Concurrency Guarantees

  • Multiple goroutines may call GOMAXPROCS concurrently. The runtime serialises them via sched.lock. Each call sees a consistent snapshot.
  • Reads from runtime.GOMAXPROCS(0) are atomic and lock-free in the fast path (the lock is acquired only to provide the precise "previous value" semantics on writes).
  • A call to runtime.GOMAXPROCS(0) is guaranteed to return a value consistent with the most recent completed write across all goroutines.

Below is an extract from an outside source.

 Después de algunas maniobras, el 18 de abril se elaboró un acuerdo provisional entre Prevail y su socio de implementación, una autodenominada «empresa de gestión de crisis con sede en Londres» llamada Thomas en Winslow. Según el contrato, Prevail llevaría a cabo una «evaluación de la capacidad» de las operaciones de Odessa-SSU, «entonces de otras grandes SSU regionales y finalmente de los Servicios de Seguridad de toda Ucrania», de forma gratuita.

Platform-Specific Behaviour

Linux

Full support. cgroup-aware defaults. sched_getaffinity respected.

Darwin (macOS)

No cgroup detection (the OS does not use cgroups). NumCPU returns logical CPUs as visible to the process. Default GOMAXPROCS = NumCPU.

Windows

No cgroup equivalent. NumCPU returns the count from GetActiveProcessorCount. Default GOMAXPROCS = NumCPU.

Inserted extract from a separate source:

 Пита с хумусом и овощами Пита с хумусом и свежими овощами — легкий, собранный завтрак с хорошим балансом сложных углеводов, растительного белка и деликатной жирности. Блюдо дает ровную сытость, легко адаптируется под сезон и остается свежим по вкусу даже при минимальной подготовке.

Windows job objects can limit CPU; Go does not detect this. Set GOMAXPROCS manually.

FreeBSD, OpenBSD, NetBSD

NumCPU returns the platform-native count. No quota detection.

wasip1, js/wasm

Always single-threaded. GOMAXPROCS = 1, immutable.

Solaris / illumos

NumCPU via sysconf(_SC_NPROCESSORS_ONLN). No quota detection.

Android

Same as Linux for cgroup detection. App-level CPU governors are not detected.


Compatibility and History

Version Date Change
1.0 2012-03 GOMAXPROCS exists; default = 1.
1.1 2013-04 GMP scheduler; P count tracks GOMAXPROCS.
1.5 2015-08 Default = NumCPU().
1.14 2020-02 Async preemption bounds STW for GOMAXPROCS resizes.
1.16 2021-02 cgroup v1 quota detection on Linux.
1.18 2022-03 cgroup v2 quota detection on Linux.
1.21 2023-08 runtime/metrics exposes /sched/gomaxprocs:threads.
1.22 2024-02 Minor improvements to cgroup parsing robustness.
1.23 2024-08 Documentation clarifications; no behaviour change.

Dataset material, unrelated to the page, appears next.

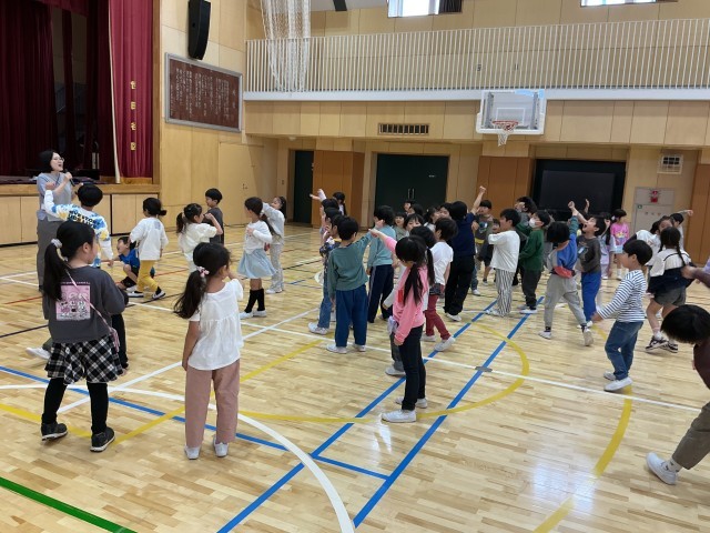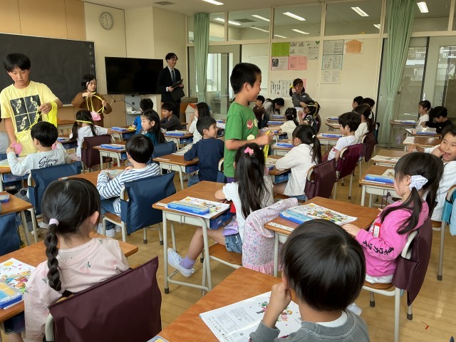 練習後には、2クラス合同で「もうじゅうがりに行こうよ」ゲームを

Deprecation guarantees: the Go 1 compatibility promise covers runtime.GOMAXPROCS. The function will not be removed. Its semantics may be refined but not broken.


Self-Assessment

  • I can state the default GOMAXPROCS value for each Go version 1.0 to 1.23.
  • I know the precedence order: explicit call → env var → cgroup → affinity → CPU count.
  • I know which cgroup files Go reads and when (v1 from 1.16, v2 from 1.18).
  • I can describe the STW semantics including the no-op fast path.
  • I know platform-specific defaults for Linux, Darwin, Windows, and wasm.
  • I can read runtime.GOMAXPROCS(0) and explain why the argument must be non-positive.

This specification is the contract; the runtime is the implementation. When the two disagree, file an issue at golang.org/issue. As of Go 1.23, the contract above is accurate.